• [What this task involves] A precise copy of the data is required, with every picture left out.

• [Recorded information]
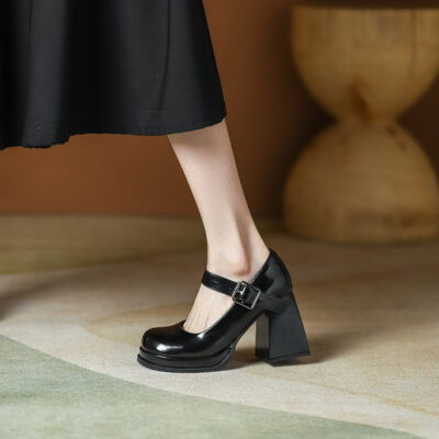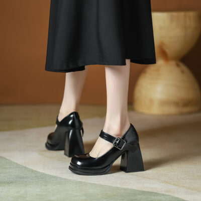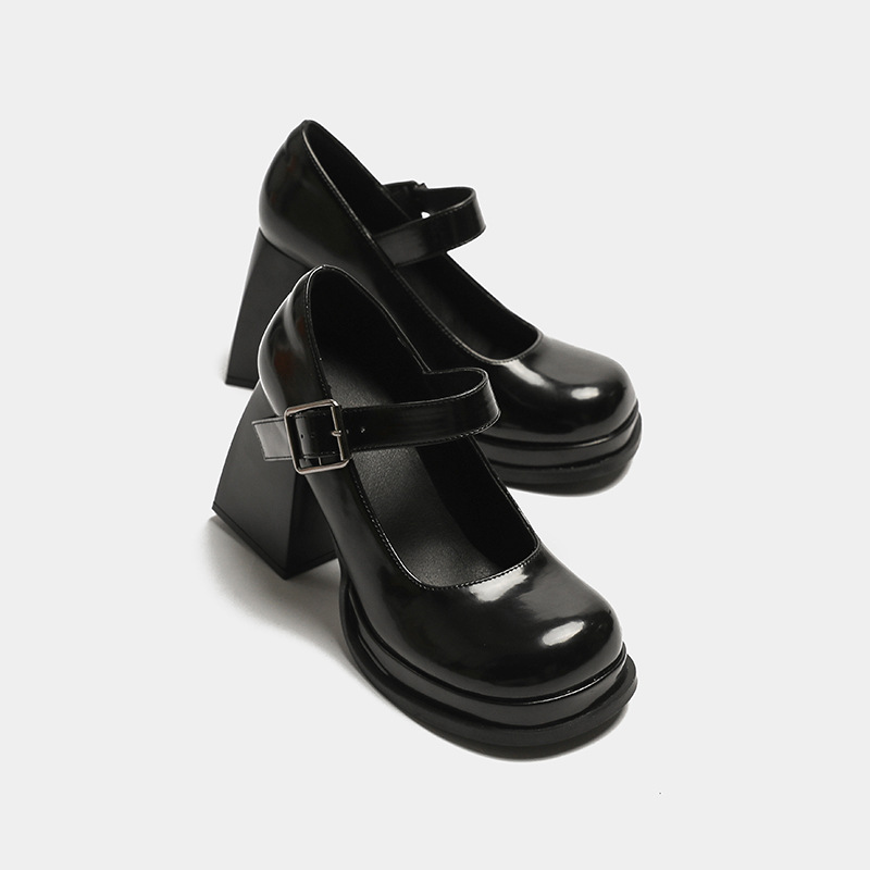 Trở thành đôi chân to và dài trong vài giây ~ Mary Jane gót dày phong cách cổ điển giày đơn nữ Giày búp bê Barbie jk gió giày cao gót đầu to 2618
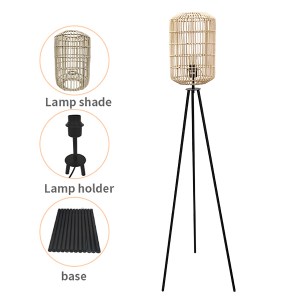 The Floor Lamp with Rattan Shade is made of woven rattan, wrapped around brass metal fixtures and a black tripod floor. This Floor Lamp with Rattan Shade is very simple in shape and elegant in design, providing lots of light in a smaller space; the natural rattan used has been carefully arranged to allow its natural style lighting to enhance your home decor. Looks great in our family room. Well-made and beautifully styled. Easy to assemble. Perfect for all kinds of interior corners, entrances, bedsides, etc. It can add a lot of personality to our space!
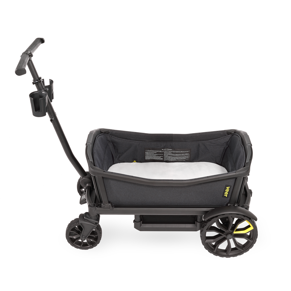The Veer Nap System turns Cruiser into a JPMA safety certified Bassinet, making it the ultimate rest stop or changing station for young ones. It is suitable from birth up to 20 lbs. [9 Kg] and/or 27” [69 cm], whichever comes first or until your infant pushes up on their hands and knees. A soft, removable mattress pad is included. The Nap System includes magnets built into its cleanable sidewalls that keep it snug to the Cruiser sidewalls, and includes four bungee connection cords that attach to the seat backs to keep little ones safe. A bug shield that zips on a sun canopy to cover the Cruiser is included (retractable sun canopy sold separately). The Veer Nap System makes a great changing station as well. The Nap System compactly folds up into a storage bag that mounts to Cruiser and it also fits in the Foldable Storage Basket when not in use.
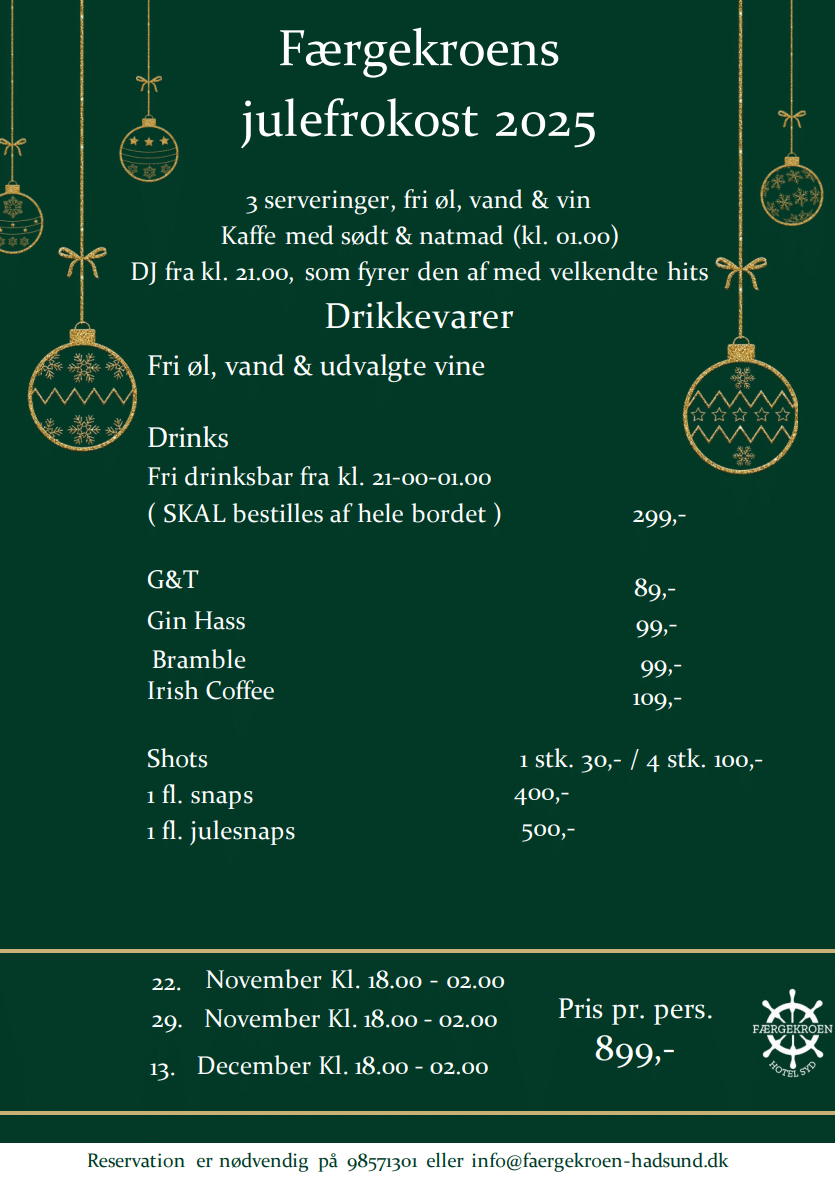Ønsker I at høre mere, så kan vi kontaktes på 9857 1301 eller på info@faergekroen-hadsund.dk

• [Result of this exercise]
 Trở thành đôi chân to và dài trong vài giây ~ Mary Jane gót dày phong cách cổ điển giày đơn nữ Giày búp bê Barbie jk gió giày cao gót đầu to 2618
 The Floor Lamp with Rattan Shade is made of woven rattan, wrapped around brass metal fixtures and a black tripod floor. This Floor Lamp with Rattan Shade is very simple in shape and elegant in design, providing lots of light in a smaller space; the natural rattan used has been carefully arranged to allow its natural style lighting to enhance your home decor. Looks great in our family room. Well-made and beautifully styled. Easy to assemble. Perfect for all kinds of interior corners, entrances, bedsides, etc. It can add a lot of personality to our space!
The Veer Nap System turns Cruiser into a JPMA safety certified Bassinet, making it the ultimate rest stop or changing station for young ones. It is suitable from birth up to 20 lbs. [9 Kg] and/or 27” [69 cm], whichever comes first or until your infant pushes up on their hands and knees. A soft, removable mattress pad is included. The Nap System includes magnets built into its cleanable sidewalls that keep it snug to the Cruiser sidewalls, and includes four bungee connection cords that attach to the seat backs to keep little ones safe. A bug shield that zips on a sun canopy to cover the Cruiser is included (retractable sun canopy sold separately). The Veer Nap System makes a great changing station as well. The Nap System compactly folds up into a storage bag that mounts to Cruiser and it also fits in the Foldable Storage Basket when not in use.
Ønsker I at høre mere, så kan vi kontaktes på 9857 1301 eller på info@faergekroen-hadsund.dk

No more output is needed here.